The question is, why did we have a militant trade union even under a one party state and not today? What has led to the trade unions being compromised under our petty-bourgeois multi-party system? Two developments were responsible: The trade union leadership joined neo-liberal capitalist political parties whose ideology is anti-workers and pro-capital. Trade unions were therefore denied of leadership that would have stood and defended workers rights against the structural adjustment programmes that were imposed on the Zambian working masses during the 1990s. The former trade union leadership basically betrayed the cause of the working masses.

Concurrently with this development was also a systematic de-radicalisation of the trade union leadership funded and organised by various foundations from the leading imperialist countries. Seminars, workshops, system-strengthening projects were introduced that basically reduced the social capital and ideological militancy of trade unions.

Trade unions have therefore been co-opted to support and facilitate the affairs of neo-liberal capitalism. They have eventually and subtly abandoned the interests of their members. The Zambian worker and pensioner is today more exposed and defenceless than ever before. And this is what the neo-liberal capitalist system will continue to perpetuate in our homeland.

Key lessons can be drawn from this development. First, the autonomy of trade unions is critical and has to be cultured, maintained and defended. It is such autonomy that ensures trade unions remain true to the causes of the workers and do not quickly get compromised by those wielding state power and owners of capital.

Secondly, just as capital has neo-liberalism as its ideology; workers have their own opposing ideology also, that is, socialism.

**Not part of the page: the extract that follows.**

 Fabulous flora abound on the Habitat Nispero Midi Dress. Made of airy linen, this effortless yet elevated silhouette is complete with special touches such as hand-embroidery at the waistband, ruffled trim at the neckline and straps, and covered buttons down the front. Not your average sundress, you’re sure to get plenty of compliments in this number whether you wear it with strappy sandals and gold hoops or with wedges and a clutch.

Socialism was born out of the working class struggle and puts the interests of the working masses above all others. Socialism is the only tool at the disposal of the working masses to emancipate themselves from exploitation and subjugation. There can be no militant trade unionism without a socialist orientation. In Lunda, they would say “cheyi cheyi, chamukwenu chamukwenu” (yours is yours and what belongs to others is theirs)! Workers have no space of their own in the capitalist ideology.

CSAWUZ and JAWUZ have therefore to draw on these key lessons as they seek new national affiliation. Zambian workers have been betrayed for far too long; it is time for a new and meaningful national representation of the workers.